Long gone are the days of turning a resume into an interview and an interview into a job on the spot. As the number of jobs created decreases and competition increases, standing out from the crowd is essential.
Professional career coaches now say you have to do more: Get connected, brand yourself and tap into the hidden job market.
Lack of the right kind of information can hurt job seekers, said Robb Johnson, local career coach and author of "How to Find a Job in Jacksonville." Some myths about job hunting need to be dispelled, he said.
One myth is that the Internet is the best and only tool for job searching. It can be useful, but only for those who know how to properly conduct research on it.
"Don't think of the job boards [online]," Johnson said. "Going about job hunting that way is almost certain doom."
Most jobs are not advertised. These jobs make up the hidden job market - hidden from the job-seeker because of lack of knowledge on how to tap into it.
"This makes the process frustrating, difficult, filled with disappointment and rejection," he said. Johnson is offering free job hunting workshops at Jacksonville's public libraries on some Saturdays this summer.
Although job prospects can seem bleak, he frequently finds success with his clients.
"There are thousands of vacant jobs in Jacksonville." The key is knowing how to find them when many aren't advertised.
"Inform yourself." The most common mistake people make is jumping in with too little information or the wrong type of information. Look for businesses that would hire you with your skill set, Johnson said.
Fifty to 75 percent of his clients come to him because they don't know how to sell themselves.
"You're running a sales campaign. The product you're selling is yourself."
Identify your top skills
Marilyn Feldstein, career coach and owner of Career Choices Unlimited, agrees.
"Human beings have a hard time selling themselves," Feldstein said.
Figure out what your transferable skills are, she said. Pick your top three to five skills and be able to articulate them to anyone from prospective employers to the person in line at the grocery store. The more people you talk to, the more doors you open.
"People like to help each other," she said. "Everyone has been touched by this economy. People feel your pain."
Feldstein is an advocate of leveraging connections in professional organizations, and there are many in Jacksonville.
"Get involved," she said. "The more people you meet, the more advocates you have. We all need advocates."
Spend time with people in the field you want to work in, she said. This will help you find leads and tap into the hidden job market. She has also had success with her clients. It's very possible to find a job or career in this economy, but she warns about how job hunting time is spent.
"The very worst thing you can do is spend 100 percent of your time at your computer sending out resumes." It's a great tool and resource, but nothing takes the place of meeting people, she said.

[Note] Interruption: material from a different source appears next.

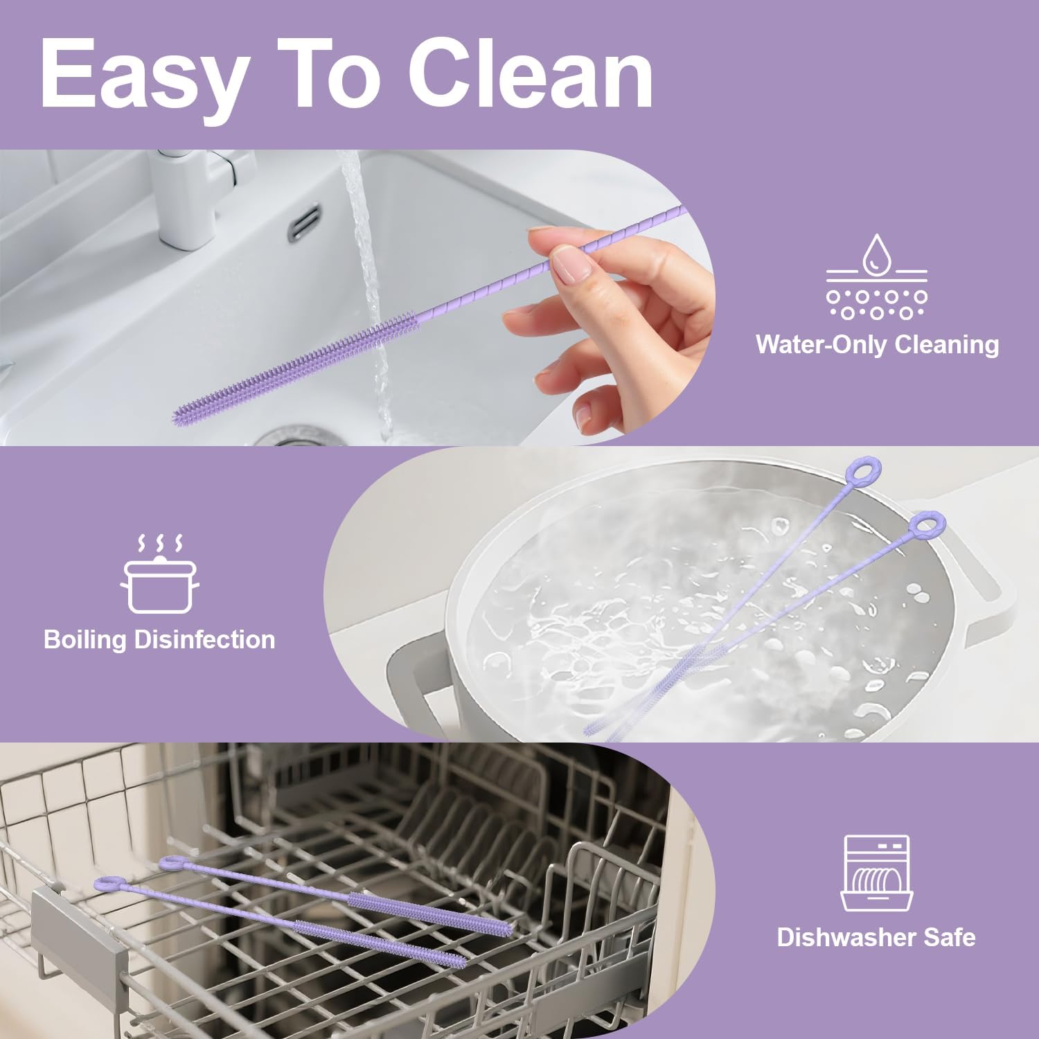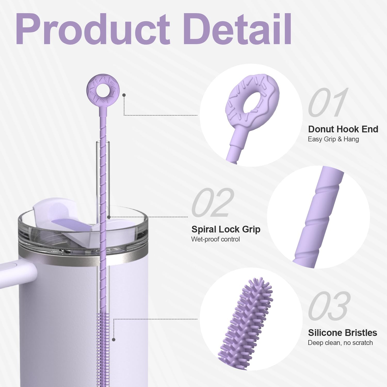 - Safe & Durable Silicone Bristles: Made from high-quality, food-grade silicone, BPA Free, our straw brush are gentle on straws (won't scratch) yet tough on buildup. The flexible Handle bend to scour every curve and corner for a thorough clean, and won't shed or break like bristle brushes.

Feldstein recognizes that many people are being laid off. This is her busiest year of the eight years she's owned her business, she said. While her goal is to get people into careers where they thrive, she sees the need for short-term jobs. Know your financial situation, she said. For those taking temporary jobs, keep your goals in mind.
"Recognize the short term and be diligent about recognizing your long-term goals," she said.
Specify your keywords
If you do have an online resume, make sure to include specific keywords, said Tyra Tutor, vice president of corporate development at MPS Group, a staffing company headquartered in Jacksonville. This could be the difference between being No. 2 or No. 20 on an Internet search. The more specific the keywords, the better. If you have experience with specific software, make sure to add it.
Also, contact local staffing companies, Tutor said. Some companies staff attorneys and others staff construction workers. Leave a resume with multiple staffing companies that match your skill set.
Also, consider working a lower level job at the company where you want to work. When things begin to turn around, you'll have a foot in the door, she said.
Finally, start all over again. Contact people you have already contacted, Tutor said. A position may have opened up. It's about timing.
The demographics of Robb Johnson's clients have changed during the 18 years he has been in business.
Ten years ago, most of his clients were in their middle 20s and early 30s. Today half are over 50, he said.
He gets all kinds of people, from school teachers to executives of large corporations, some are jobless and others are afraid they may become so.
"I have had grown men and women crying in my office. They want a job, but it is far more than that," he said.
Johnson's business is busy. His phone rings 10 to 15 times a day, but the best part is getting a call from an excited client who has found work, he said.
Johnson's next workshop is Saturday at the Pablo Creek branch library at 1 p.m.